[ABOUT THIS TASK] Which lines run from the one containing "motherboard against the" through the end of the data? Write them out exactly, with the pictures left out.

:: DATASET EXCERPTS ::

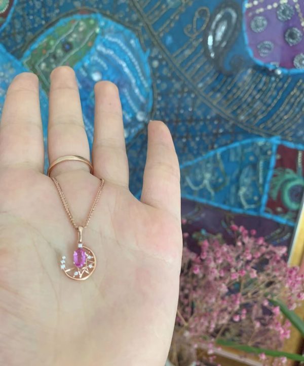 粉色蓝宝石的日月星辰,颜色太艳了!
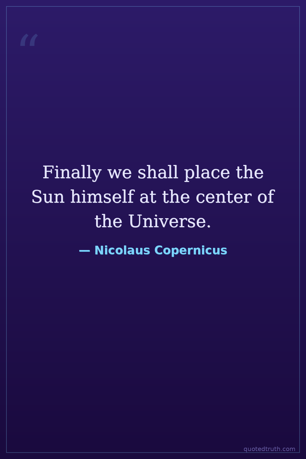 Finally we shall place the Sun himself at the center of the Universe.
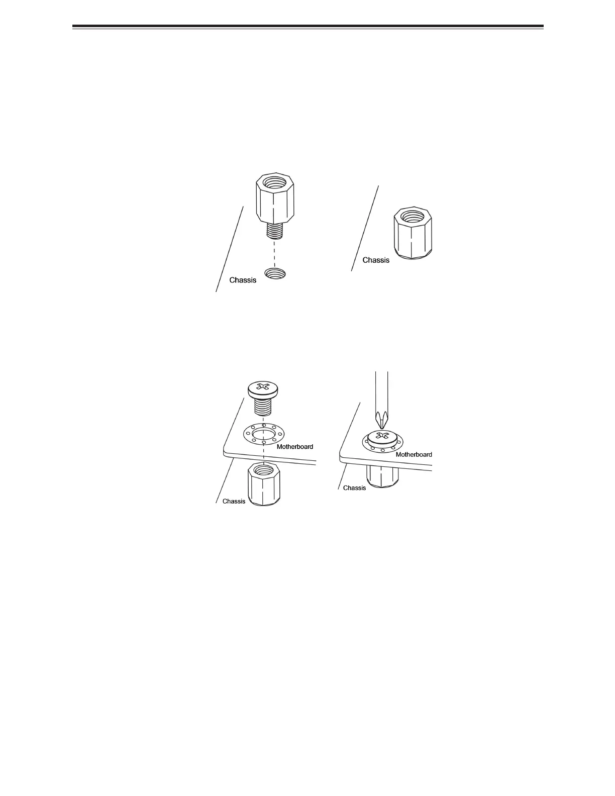 motherboard against the mounting holes on the chassis.
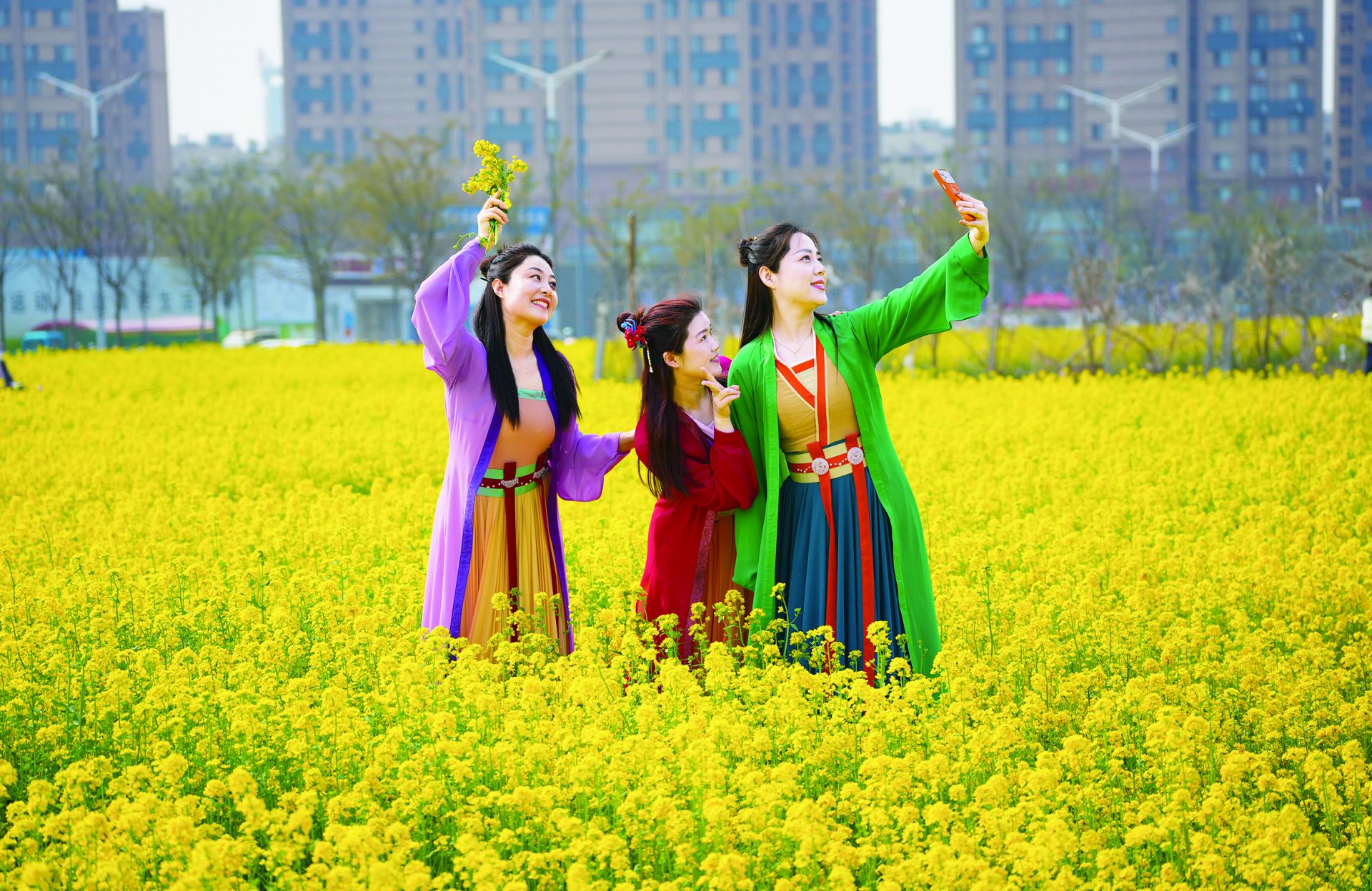 漯川花雨景区油菜花正值盛放,金黄铺展
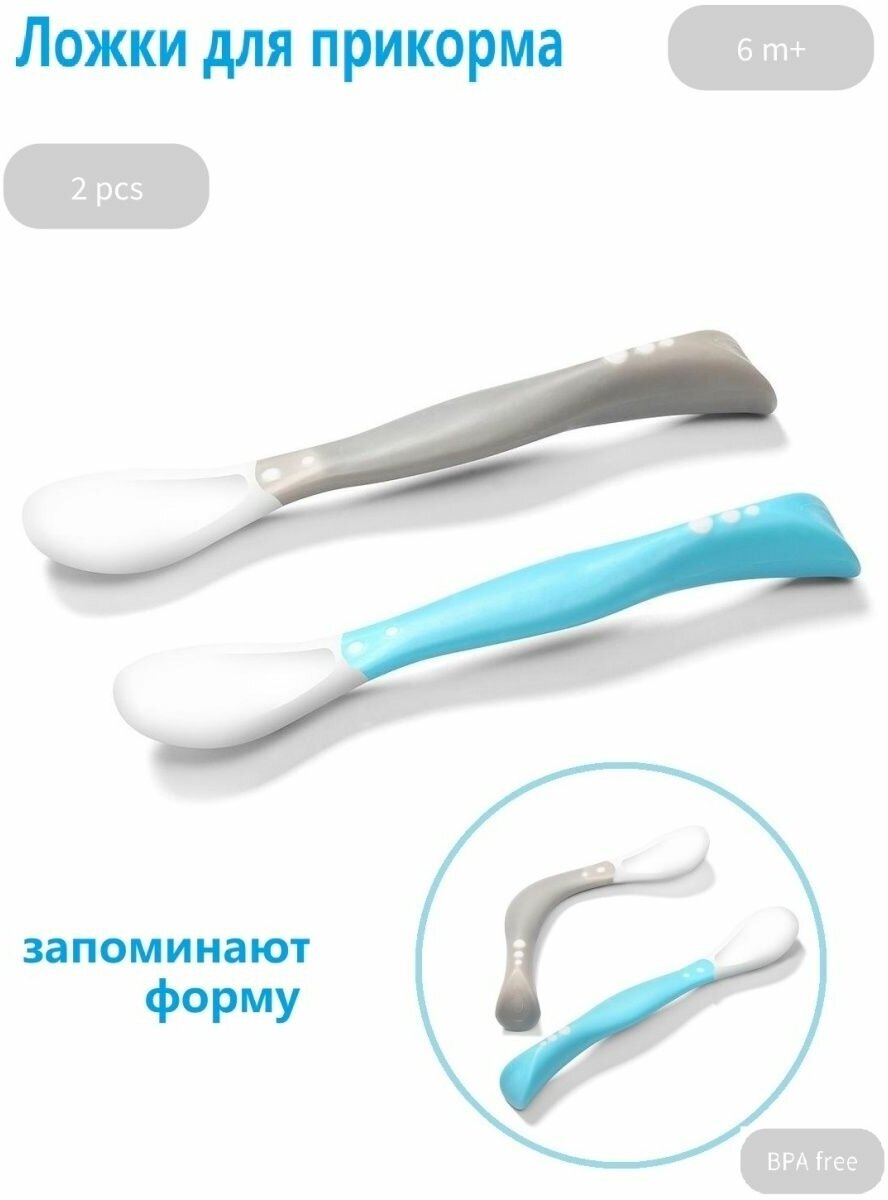 Набор ложечек 2шт. (серая/бирюзовая) гибкие. интересное:

:::

[ANSWER TO THIS EXERCISE]
 motherboard against the mounting holes on the chassis.
 漯川花雨景区油菜花正值盛放,金黄铺展
 Набор ложечек 2шт. (серая/бирюзовая) гибкие. интересное:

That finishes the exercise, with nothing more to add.